Derrière les discussions feutrées, la réalité terrain rappelle l'acuité des besoins. Au sein de la Conférence Interafricaine des Marchés d’Assurances, l’indice moyen de pénétration ne parvient pas à franchir le cap symbolique du point de pourcentage par rapport au produit intérieur brut. Cette faiblesse chronique prive des pans entiers de l’économie informelle, des exploitants agricoles et des petites et moyennes entreprises de boucliers fondamentaux contre les aléas sanitaires, climatiques et conjoncturels. Les instances dirigeantes du secteur estiment qu'aucune croissance ne saurait s'inscrire dans la durée sans l’intégration de mécanismes robustes de sécurisation des investissements et de l’épargne populaire.
L’ambition de cette concertation historique se matérialise par l'écriture d'un agenda opérationnel particulièrement serré. Les ateliers de Cotonou s’accordent sur l'adoption d'un texte de référence adossé à un plan stratégique quinquennal couvrant la période de 2026 à 2030. Cette feuille de route commune doit servir de levier pour coordonner l’action publique et privée, mobiliser les capitaux nécessaires et harmoniser les réglementations.

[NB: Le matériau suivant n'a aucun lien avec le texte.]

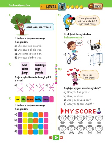 c) She climb a tree can. c) d)
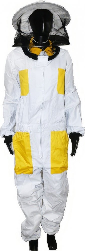Komplexní barevná včelařská kombinéza s kloboukem velikost: 48–68, chránící celou vaši postavu. Včelařská kombinéza je vyrobena z kvalitních materiálů, které brání včelím bodnutím. Praktické rukávy, které se dají vhodně založit do rukavic, aby vás včely neohrožovali v rukávech. Kombinéza skvěle padne téměř každému a její bílo, žluté provedení vypadá opravdu elegantně. Bílá barva je zvolena především proto, že se v přírodě moc nevyskytuje a včely na ní neutočí a pokud na kombinézu sednou tak jsou velice dobře vidět.
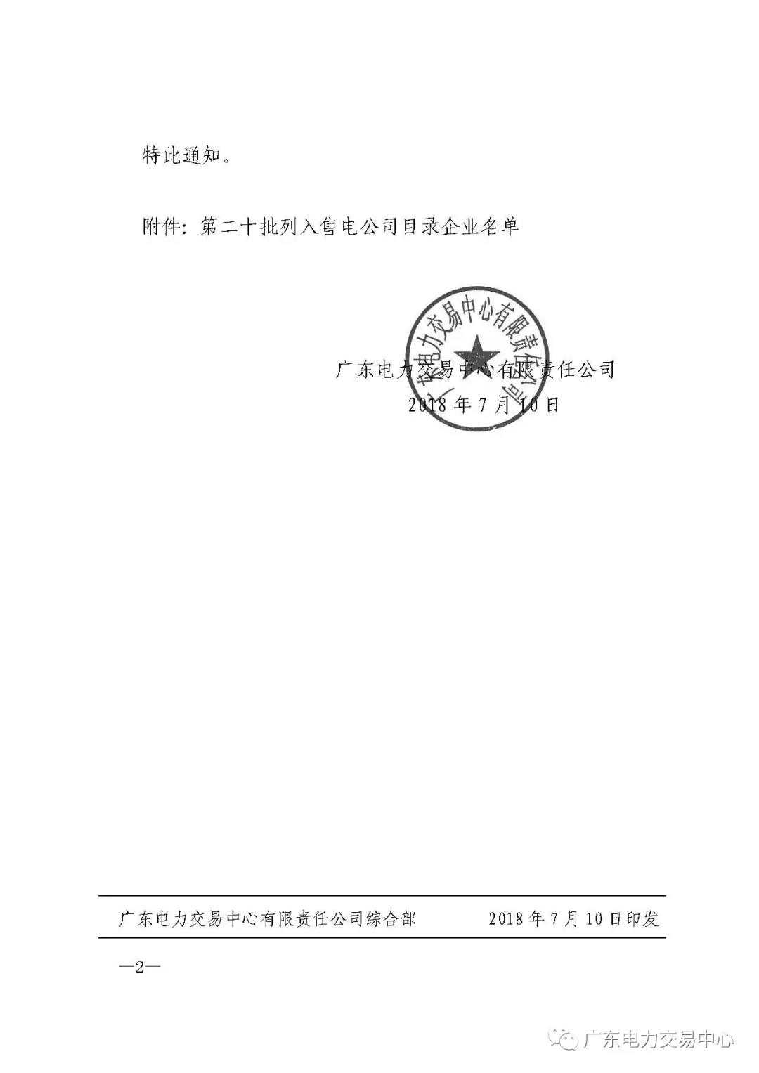 廣東關(guān)于公布第二十批列入售電公司目錄企業(yè)名單的通知
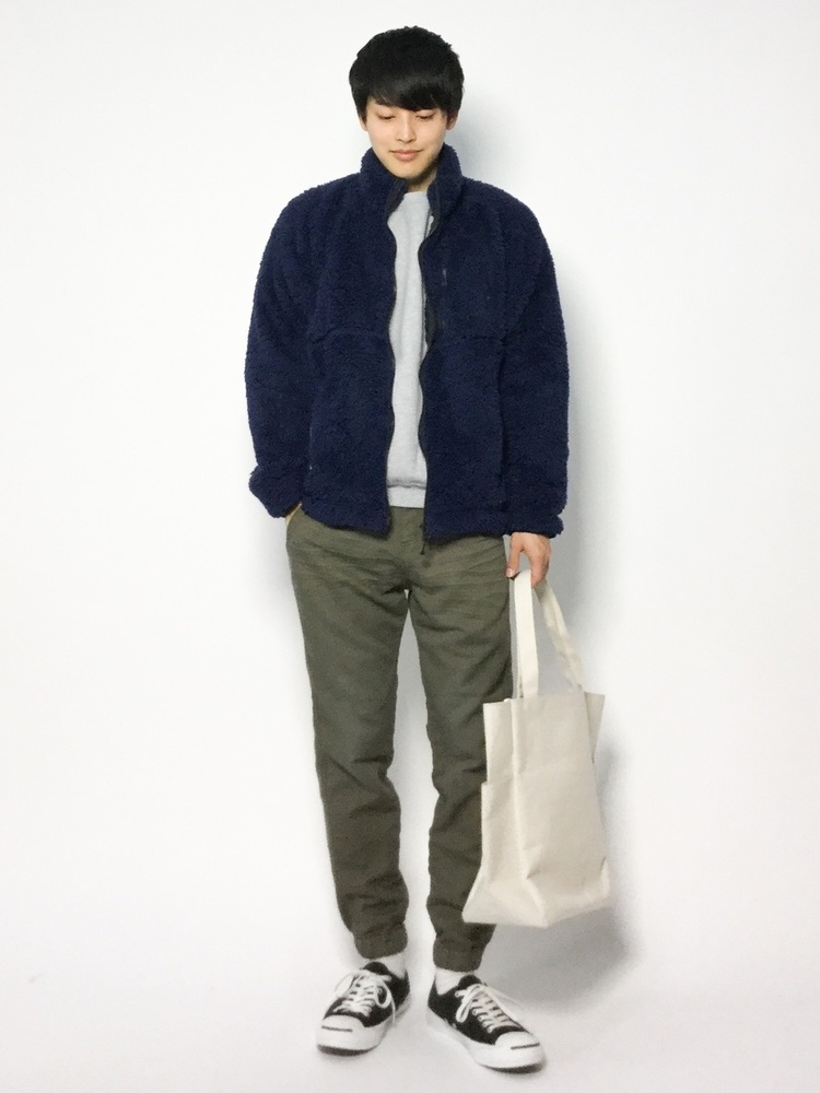 裾が絞られたカーキのリラックスパンツで、ゆるカジにスポーティさをミックスしたコーデです。トートバッグやソックスは白をチョイスし、冬でも重たくならないよう全体的に爽やかな配色に。冬のトレンドアイテムあるボア素材ジャケットが、着こなしにこなれ感を高めています。

Le secteur entend ainsi se repositionner comme un contributeur de premier plan au financement du développement, prouvant que l’outil assurantiel est un puissant accélérateur de stabilité sociale et de modernisation financière.
La réorganisation des marchés de l'espace FANAF se décline à travers des données chiffrées précises, partagées par les régulateurs régionaux et les agences d'analyse financière :
Moins de 1 % : La part de l'Afrique dans le volume mondial des primes d'assurance émises, contrastant avec son poids démographique de 19 %.
400 délégués : Le nombre de décideurs sectoriels et étatiques réunis à Cotonou pour ratifier le Pacte d’inclusion.
6 % du PIB : La moyenne mondiale du taux de pénétration de l'assurance, mettant en lumière le retard structurel de la zone CIMA où ce taux reste en deçà de 1 %.
L’adoption d’une stratégie dédiée à l’assurance inclusive constitue le chaînon manquant pour pérenniser le dynamisme économique des marchés émergents d’Afrique subsaharienne. En se tournant résolument vers les micro-entrepreneurs et les populations à faibles revenus, le secteur financier ne cherche pas seulement à étendre son portefeuille commercial ; il crée un filet de sécurité structurel pour des millions d’acteurs économiques exposés à la précarité. Réduire l’impact d’un sinistre ou d’une mauvaise récolte grâce à des produits simplifiés et accessibles permet d'éviter que des familles entières ne retombent dans la pauvreté au moindre choc exogène.
Les perspectives ouvertes par ce nouveau cadre de coopération internationale s'annoncent structurantes. L’objectif de doubler le taux de pénétration d’ici quatorze ans va contraindre les régulateurs et les compagnies à innover, notamment en exploitant la puissance du paiement mobile et de la numérisation des contrats. À moyen terme, cette captation d'une épargne locale stable offrira aux assureurs des capacités d’investissement accrues pour financer les infrastructures de base et soutenir les emprunts d'État. Ce changement de paradigme fait de l'inclusion assurantielle un enjeu géopolitique majeur : transformer la vulnérabilité actuelle du continent en un socle de souveraineté financière durable.